VIVLODEX, developed using proprietary SoluMatrix Fine Particle Technology™, contains meloxicam as submicron particles that are approximately 10 times smaller than their original size. The reduction in particle size provides an increased surface area, leading to faster dissolution. 15
“VIVLODEX is Iroko’s third FDA-approved low dose NSAID developed using proprietary SoluMatrix Fine Particle Technology™,” said Osagie Imasogie, Chief Executive Officer and Chairman of the Iroko Board. “Now that we have added a low dose meloxicam product to our growing franchise, we can extend our reach to offer an additional formulation of one of the most commonly used NSAIDs for those affected by osteoarthritis pain, 14 a common cause of disability2 and the most common type of arthritis.” 16
FDA approval of VIVLODEX was supported by data from a Phase 3, multi-center, double-blind, placebo-controlled study of 402 patients, aged 40 and older, with pain due to osteoarthritis of the knee or hip, who were randomized to receive treatment with once-daily VIVLODEX 5 mg, VIVLODEX 10 mg, or placebo over a period of 12 weeks. The VIVLODEX doses studied achieved efficacy at 33 percent lower doses than currently available meloxicam products. The New Drug Application (NDA) also included data from a 12-month open-label safety study that enrolled 600 patients.1,17
“Research has shown that the use of NSAIDs is likely to increase as the U.S. population continues to age and experience painful conditions that are more common among older adults,” 16 said Dr. Clarence Young, Chief Medical Officer of Iroko Pharmaceuticals. “Patients with osteoarthritis are often treated with NSAIDs for extended periods to manage their pain. For that reason, this approval is important as we continue to expand the number of low dose NSAID options for patients.”

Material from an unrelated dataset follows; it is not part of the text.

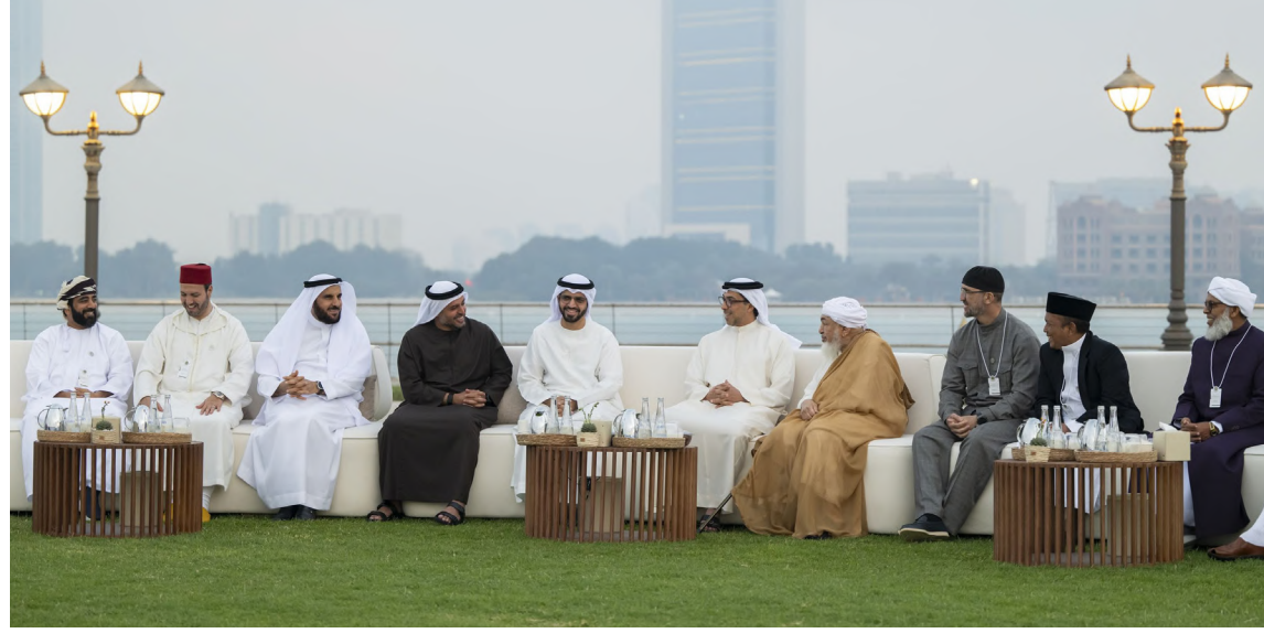
أبوظبي - وام:

وبركة على دولة الإمارات قيادةً وشعباً. كما تبادل سموه والحضور الأحاديث الودية حول أهمية تعزيز قيم التواصل والتراحم خلال الشهر الفضيل. وأشاد العلماء والحضور «برنامج ضيوف رئيس الدولة» الذي تستضيف خلاله الهيئة العامة للشؤون الإسلامية والأوقاف والزكاة ومجلس الإمارات للإفتاء الشرعي والعلماء من ضيوف صاحب السمو رئيس الدولة «حفظه الله» ومجلس التوازن.. مأدبة الإفطار الرمضاني التي أقيمت في «فندق قصر الإمارات» في أبوظبي.

VIVLODEX is indicated for the management of osteoarthritis pain.
Important Safety Information about VIVLODEX
Cardiovascular Thrombotic Events
Nonsteroidal anti-inflammatory drugs (NSAIDs) cause an increased risk of serious cardiovascular (CV) thrombotic events, including myocardial infarction and stroke, which can be fatal. This risk may occur early in treatment and may increase with duration of use.
VIVLODEX is contraindicated in the setting of coronary artery bypass graft (CABG) surgery.
Gastrointestinal Bleeding, Ulceration, and Perforation
NSAIDs cause an increased risk of serious gastrointestinal (GI) adverse events including bleeding, ulceration, and perforation of the stomach or intestines, which can be fatal. These events can occur at any time during use and without warning symptoms. Elderly patients and patients with a prior history of peptic ulcer disease and/or GI bleeding are at greater risk for serious GI events.
VIVLODEX is contraindicated in patients with: a known hypersensitivity to meloxicam or its inactive ingredients; a history of asthma, urticaria, or other allergic-type reactions after taking aspirin or other NSAIDs.
VIVLODEX should be used at the lowest effective dosage for the shortest duration consistent with individual patient treatment goals.
Elevation of one or more liver tests may occur during therapy with VIVLODEX. Rare, sometimes fatal, cases of severe hepatic injury have been reported. VIVLODEX should be discontinued immediately if clinical signs and symptoms of liver disease develop.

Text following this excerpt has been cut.